Work instructions -> Below are the records; give again exactly the line with "Design och projektering", the line with "VitOrtho Meer in", and each line that lies between them, and nothing besides.

Exercise data ->
======

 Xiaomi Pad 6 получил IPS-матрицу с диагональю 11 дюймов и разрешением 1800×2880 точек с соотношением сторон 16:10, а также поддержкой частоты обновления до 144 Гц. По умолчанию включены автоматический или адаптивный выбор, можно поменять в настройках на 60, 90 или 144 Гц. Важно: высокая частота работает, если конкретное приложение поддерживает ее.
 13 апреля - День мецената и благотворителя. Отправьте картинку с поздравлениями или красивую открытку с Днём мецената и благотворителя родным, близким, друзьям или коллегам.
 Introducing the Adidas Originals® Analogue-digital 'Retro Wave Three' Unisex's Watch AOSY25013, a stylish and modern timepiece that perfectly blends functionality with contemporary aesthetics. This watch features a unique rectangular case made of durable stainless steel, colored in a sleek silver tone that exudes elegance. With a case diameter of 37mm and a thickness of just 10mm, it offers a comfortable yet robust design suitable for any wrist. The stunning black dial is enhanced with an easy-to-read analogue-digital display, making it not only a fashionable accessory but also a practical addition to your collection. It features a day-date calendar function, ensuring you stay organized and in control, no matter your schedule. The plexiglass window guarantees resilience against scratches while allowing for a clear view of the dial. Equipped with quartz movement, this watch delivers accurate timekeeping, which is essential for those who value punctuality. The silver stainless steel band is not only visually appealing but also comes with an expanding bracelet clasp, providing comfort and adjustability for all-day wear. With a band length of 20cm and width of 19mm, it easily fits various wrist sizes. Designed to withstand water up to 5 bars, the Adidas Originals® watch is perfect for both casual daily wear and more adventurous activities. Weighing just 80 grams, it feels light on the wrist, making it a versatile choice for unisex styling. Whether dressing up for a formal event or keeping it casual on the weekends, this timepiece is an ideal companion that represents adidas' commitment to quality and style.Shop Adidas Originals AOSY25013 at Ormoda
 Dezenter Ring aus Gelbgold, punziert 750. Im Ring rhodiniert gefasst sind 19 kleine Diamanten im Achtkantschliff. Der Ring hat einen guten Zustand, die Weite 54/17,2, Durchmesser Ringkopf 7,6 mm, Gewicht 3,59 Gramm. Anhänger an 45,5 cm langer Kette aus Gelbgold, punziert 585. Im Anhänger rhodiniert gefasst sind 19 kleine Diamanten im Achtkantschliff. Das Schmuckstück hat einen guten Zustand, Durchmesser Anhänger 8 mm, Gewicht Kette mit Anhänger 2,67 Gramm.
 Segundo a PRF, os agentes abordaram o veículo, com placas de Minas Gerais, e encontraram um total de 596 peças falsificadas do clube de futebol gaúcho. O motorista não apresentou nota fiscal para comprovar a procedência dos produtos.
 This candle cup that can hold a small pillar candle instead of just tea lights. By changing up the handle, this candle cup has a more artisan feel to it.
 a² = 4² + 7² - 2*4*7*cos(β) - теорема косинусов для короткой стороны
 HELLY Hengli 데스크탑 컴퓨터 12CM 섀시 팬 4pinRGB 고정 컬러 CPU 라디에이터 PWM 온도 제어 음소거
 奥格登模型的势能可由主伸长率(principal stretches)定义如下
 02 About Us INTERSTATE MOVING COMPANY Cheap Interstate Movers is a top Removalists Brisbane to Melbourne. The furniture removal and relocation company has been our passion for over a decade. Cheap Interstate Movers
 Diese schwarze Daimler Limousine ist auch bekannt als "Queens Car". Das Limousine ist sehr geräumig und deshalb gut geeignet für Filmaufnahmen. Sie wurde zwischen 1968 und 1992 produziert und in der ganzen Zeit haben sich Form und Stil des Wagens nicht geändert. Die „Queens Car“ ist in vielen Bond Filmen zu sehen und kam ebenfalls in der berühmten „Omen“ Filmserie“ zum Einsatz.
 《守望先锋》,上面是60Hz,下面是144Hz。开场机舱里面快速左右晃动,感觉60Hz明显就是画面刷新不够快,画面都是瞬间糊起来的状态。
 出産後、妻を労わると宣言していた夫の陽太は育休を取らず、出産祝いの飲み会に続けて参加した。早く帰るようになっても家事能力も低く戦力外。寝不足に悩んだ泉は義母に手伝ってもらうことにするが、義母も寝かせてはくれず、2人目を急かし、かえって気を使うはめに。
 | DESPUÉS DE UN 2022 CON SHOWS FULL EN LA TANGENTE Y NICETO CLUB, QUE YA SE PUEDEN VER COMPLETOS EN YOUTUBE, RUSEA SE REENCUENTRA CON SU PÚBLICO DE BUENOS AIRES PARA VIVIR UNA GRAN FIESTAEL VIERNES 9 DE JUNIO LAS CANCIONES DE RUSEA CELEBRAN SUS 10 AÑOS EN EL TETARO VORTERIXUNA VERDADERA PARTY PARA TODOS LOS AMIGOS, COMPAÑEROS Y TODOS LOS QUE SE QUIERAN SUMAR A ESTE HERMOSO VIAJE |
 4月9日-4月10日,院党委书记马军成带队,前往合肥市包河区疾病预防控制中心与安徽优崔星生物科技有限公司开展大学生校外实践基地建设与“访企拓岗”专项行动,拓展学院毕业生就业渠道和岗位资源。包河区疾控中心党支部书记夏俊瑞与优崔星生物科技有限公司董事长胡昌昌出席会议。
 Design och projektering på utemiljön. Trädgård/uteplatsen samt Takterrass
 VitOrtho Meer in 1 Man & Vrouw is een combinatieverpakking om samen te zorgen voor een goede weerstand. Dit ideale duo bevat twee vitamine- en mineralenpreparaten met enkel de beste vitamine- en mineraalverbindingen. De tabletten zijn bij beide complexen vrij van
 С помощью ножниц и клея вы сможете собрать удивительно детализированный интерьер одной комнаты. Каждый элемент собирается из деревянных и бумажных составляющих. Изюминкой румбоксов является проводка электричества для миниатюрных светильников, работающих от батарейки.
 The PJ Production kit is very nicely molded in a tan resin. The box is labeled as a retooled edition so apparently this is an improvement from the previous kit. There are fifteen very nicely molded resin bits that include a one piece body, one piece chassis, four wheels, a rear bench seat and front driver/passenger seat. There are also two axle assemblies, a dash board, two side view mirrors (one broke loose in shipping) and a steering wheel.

======

Output below ->
 Design och projektering på utemiljön. Trädgård/uteplatsen samt Takterrass
 VitOrtho Meer in 1 Man & Vrouw is een combinatieverpakking om samen te zorgen voor een goede weerstand. Dit ideale duo bevat twee vitamine- en mineralenpreparaten met enkel de beste vitamine- en mineraalverbindingen. De tabletten zijn bij beide complexen vrij van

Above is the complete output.